Quanto mi avvicinava a San Gregorio, tanto più distinto facevasi il suono delle campane. Ogni tòcco era suono funereo nell’animo mio.
All’angolo della strada, il confuso cicalar della moltitudine, accorsa da ogni parte, lo sparo dei mortaletti, le acclamazioni delle donnicciuole a’ balconi, e la banda degli Svizzeri finirono di impietrirmi. Io ho provate le estreme sensazioni del suppliziato!
Al portone della chiesa fui ricevuta da una processione di preti colla croce in alto. Due altre dame si posero al mio fianco, la principessa di Montemiletto e la marchesa Messanella. Il prete colla croce in mano camminava innanzi, gli altri formavano due ale.

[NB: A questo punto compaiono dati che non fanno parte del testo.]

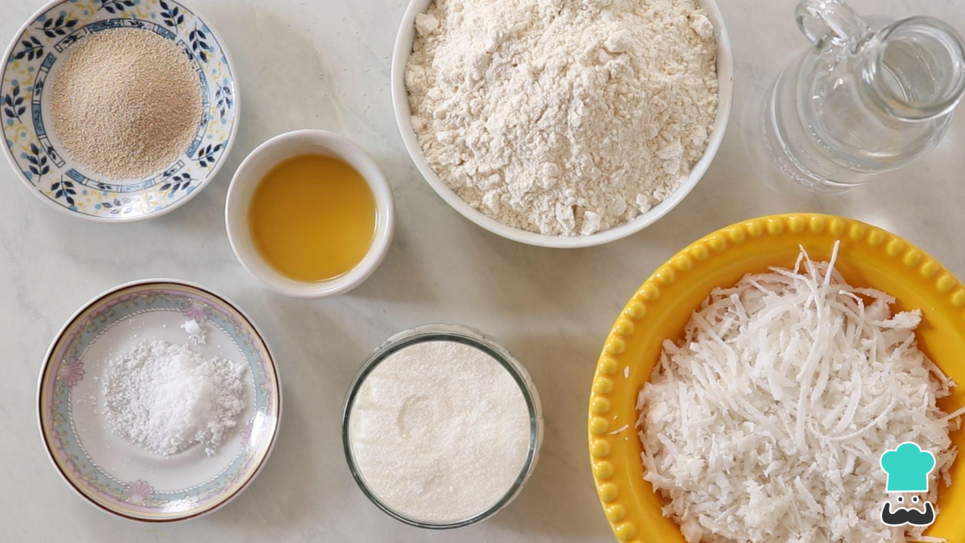 Para deixar o preparo do seu pão de coco caseiro organizado comece separando os ingredientes.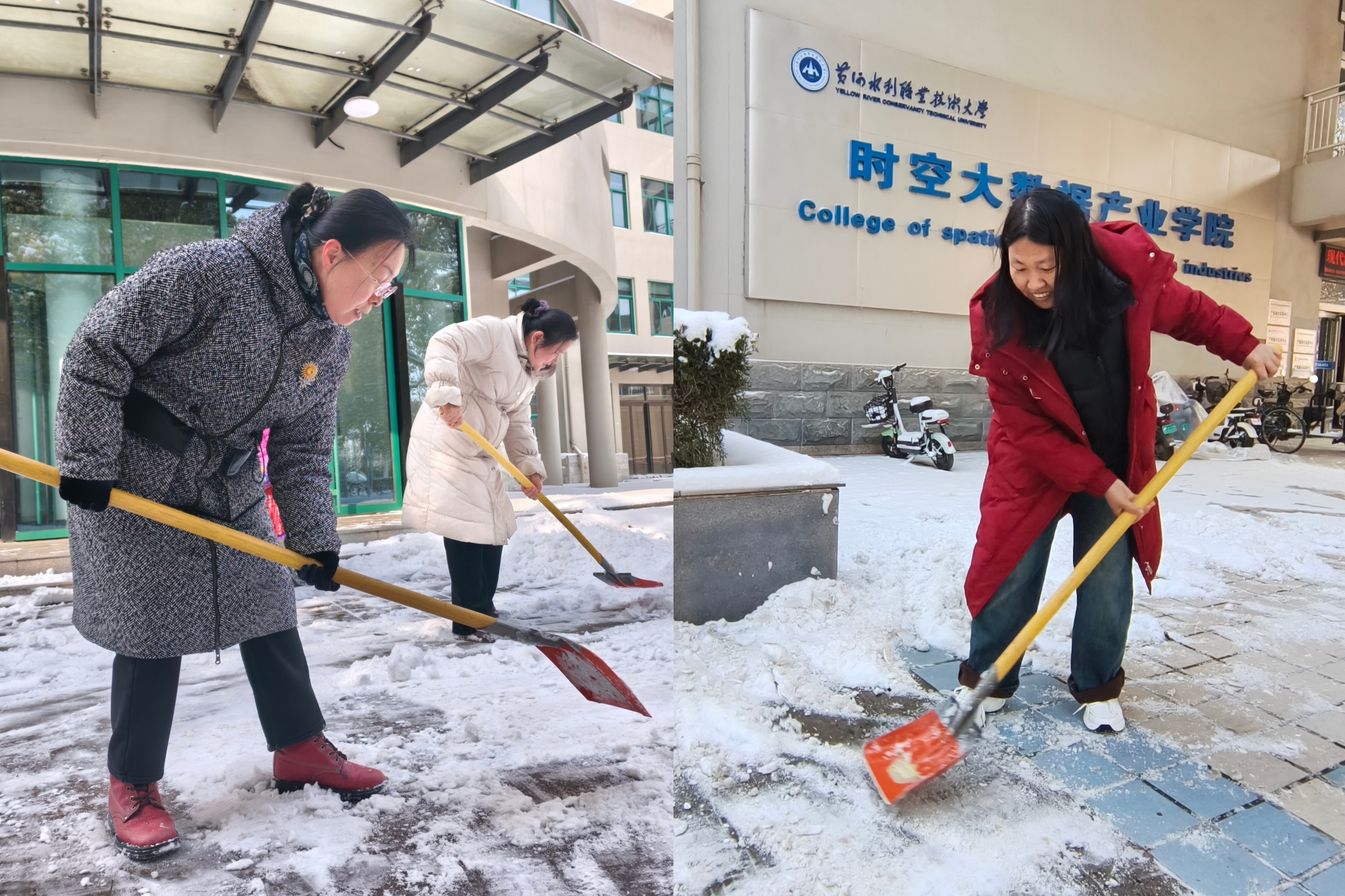 2026年1月20日,开封遭遇强降雪天气,校园道路积雪厚重、结冰难行。测绘工程学院党总支第一时间响应,组织党员教师成立“冰雪突击队”,在党总支书记高琼和院长何宽的带领下,全力开展扫雪除冰志愿服务。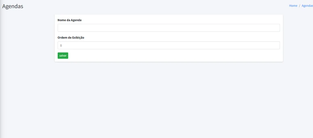 4. A página será redirecionada para AGENDAS. Em seguida, informe o nome da agenda a ser criada e qual será a sua ordem de exibição. Por fim clique em SALVAR.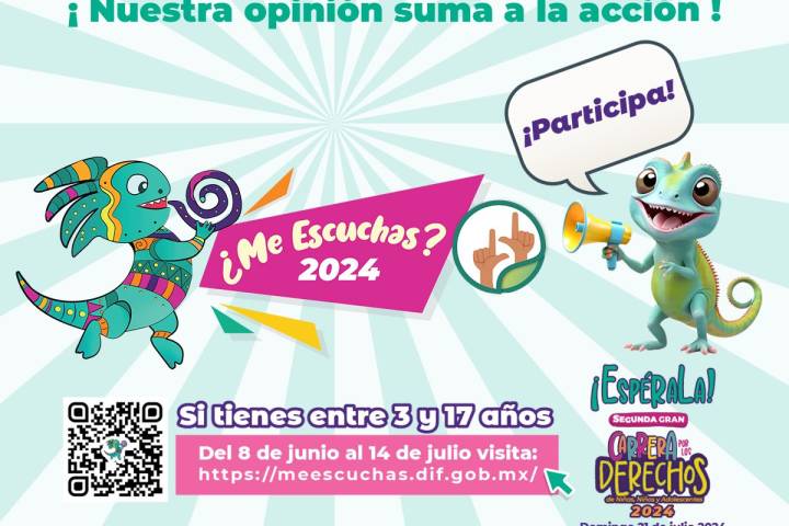 NOTICIAS 24/05/2024DIF Michoacán invita a niñas, niños y adolescentes a participar en consulta nacionalLa consulta nacional de niñas, niños y adolescentes ¿Me Escuchas? 2024 del DIF se realizará del 8 de junio al 14 de julio, con el objetivo de que este sector de la población exprese y dé a conocer sus intereses en temas de salud, educación, deportes, cultura, medio ambiente, alimentación y otros.

La chiesa era parata con eleganza, illuminata con profusione, e divisa nel mezzo da uno steccato bianco e rosso, alla cui dritta stanziavano le signore, che erano state invitate e ricevute da mia madre, ed a sinistra stavano i cavalieri, ricevuti da mio cugino il principe Forino.
Di quella assemblea numerosa, delle variopinte decorazioni, di quell’oceano di luce altro non vidi che una massa informe e confusa. Giunta che fui al mezzo del tempio, mi fecero inginocchiare, e mi presentarono una piccola croce d’argento, e una candela accesa. Dovetti poggiare la prima sul petto, tenendola colla sinistra, e portar nella destra la fiaccola.
Nel passare vicino alle signore, la mia sorellina Giulietta stese le mani per afferrarmi dal velo, e gridò tanto alto da farsi sentire da tutti:
«Non voglio, no, non voglio che tu vada a chiuderti!».
Quella voce argentina attirò l’attenzione d’ogni persona.